GSoC 2020 Week-3

21 June 2020 - 5 mins read time
Tags: Sympy GSoC

I spent this week working on the implementation of the ParametricIntegral class.

Modifying API of ParametricRegion

When I was writing the test cases, I realized that the API of the ParametricRegion could be improved. Instead of passing limits as a dictionary, tuples can be used. So I modified the API of the ParametricRegion class. The new API is closer to the API of the integral class and more intuitive. I made a separate PR for this change to make it easy for reviewers.

Example of the new API:

ParametricRegion( ( x+y, x*y ), (x, 0, 2), (y, 0, 2))

Handling scalar fields with no base scalars

As discussed in previous posts, we decided to not associate a coordinate system with the parametric region. Instead, we assume that the parametricregion is defined in the coordinate system of the field of which the integral is being calculated. We calculate the position vector and normal vector of the parametric region using the base scalars and vectors of the fields. This works fine for most cases. But when the field does not contain any base scalar or vector in its expression, we cannot extract the coordinate system from the field.

ParametricIntegral(150, circle)
# We cannot determine the coordinate system from the field. 
# To calculate the line integral, we need to find the derivative of the position vector.
# This is not possible until we know the base vector of the field

To handle this situation, I assign a coordinate system C to the region. This does not affect the result in any way as the result is independent of it. It just allows the existing algorithm to work in this case.

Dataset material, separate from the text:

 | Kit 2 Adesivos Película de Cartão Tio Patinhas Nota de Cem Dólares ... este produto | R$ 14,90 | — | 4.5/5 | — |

Separate class for vector and scalar fields

Francesco suggested making separate classes based on the nature of the field: vector and scalar. I am open to this idea. But I think it will be more easy and intuitive for the users if they can use the same class to calculate the integral. I do not think they are different enough from a user’s perspective to have a separate interface.

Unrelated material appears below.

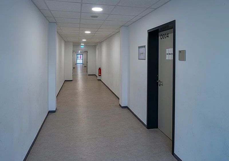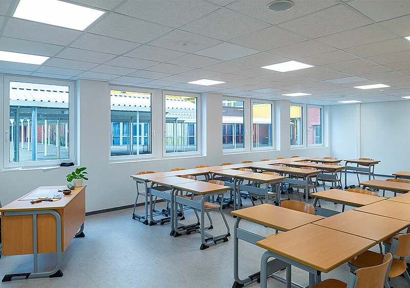 Spezielle Vorrüstungen für die nachträgliche Nutzung als naturwissenschaftliche Räume unterstreichen die Anpassungsfähigkeit an zukünftige pädagogische Anforderungen. In den kommenden Sommerferien werden drei Fachräume für Physik eingerichtet, die zurzeit als Klassenraum zwischen genutzt werden. Zusätzlich sind im Interim sieben weitere Klassenräume untergebracht. Das Schulgebäude bietet somit einen ausgewogenen Raum für eine Kombination aus akademischen und praktischen Aktivitäten. Zu den besonderen Merkmalen des Gebäudes gehört eine moderne Infrarot-Deckenheizung, die für eine effiziente und komfortable Beheizung sorgt. Die abgehängte Decke trägt nicht nur zur Ästhetik bei, sondern unterstützt auch die akustische Isolierung und verbessert die Lernumgebung. Darüber hinaus gibt es voll ausgestattete Sanitäranlagen und eine Lehrerküche, die die Zubereitung von Mahlzeiten ermöglicht und Raum für Pausen und Besprechungen des Lehrpersonals bietet.

Maybe we can have a function vectorintegrate which returns the object of ParametricVectorIntegral or ParametricScalarIntegral depending on the nature of the field. This can work for other types of integrals too. Suppose we implement a class ImplicitIntegral to calculate the integral over an implicit region. The vectorintegrate function can then return an object of ImplicitIntegral object by identifying the region is defined implicitly. I think this will be great. I will have more discussion with Francesco on this aspect.

Topological sort of parameters

When evaluating double integral, the result some times depend upon the order in which the integral is evaluated. If the bounds of one parameter u depend on another parameter v, we should integrate first with respect to u and then v.

For example, consider the problem of evaluating the area of the triangle.

T = ParametricRegion((x, y), (x, 0, 2), (y, 10 - 5*x))

The area of the triangle is 10 units and should be independent of the order parameters are specified at the time of object initialization. But the double integral depends on the order of integration.

>>> integrate(1, (x, 0, 2), (y, 10 - 5*x))
20 - 10*x
>>> integrate(1, (y, 0, 10 - 5*x), (x, 0, 2))
10

So parameters must be passed to integrate in the correct order. To overcome this issue, we topologically sort the parameters. SymPy already had a function to perform topologically sort in its utilities module. I implemented a function that generates the graph and passes it to the topological_sort function. This made my work easy.

Long computation time of Integrals

Some integrals are taking too long to compute. When base scalars in the field are replaced by their parametric equivalents, the expression of the field becomes large. Further, the integrand is the dot product of the field with a vector or product of the field and the magnitude of the vector. The integrate function takes about 20-30 seconds to calculate the integral. I think this behavior is due to the expression of integrand growing structurally despite it being simple.

For example,

>>>solidsphere = ParametricRegion((r*sin(phi)*cos(theta), r*sin(phi)*sin(theta), r*cos(phi)),\
                                (r, 0, 2), (theta, 0, 2*pi), (phi, 0, pi))
>>> ParametricIntegral(C.x**2 + C.y**2, solidsphere)

In this case, the parametric field when replaced with parametersr become r**2*sin(phi)**2*sin(theta)**2 + r**2*sin(phi)**2*cos(theta)**2 although it can be easily simplified to r**2*sin(phi).

SymPy has a function called simplify. simplify attempts to apply various methods to simplify an expression. When the integrand is simplified using it before passing to integrate, the result is returned almost immediately. Francesco rightly pointed out that simplify is computationally expensive and we can try to some specific simplification. I will look into it.

Failing test cases

Some test cases are failing because of integrate function returning results in different forms. The results are mathematically equivalent but different in terms of structure. I found this strange. I do not think this has to do with hashing. I still have not figured out this problem.

Next week’s goal

Hopefully, I will complete the work on the ParamatricIntegral and get it merged. We can then start discussing about representing implicit regions.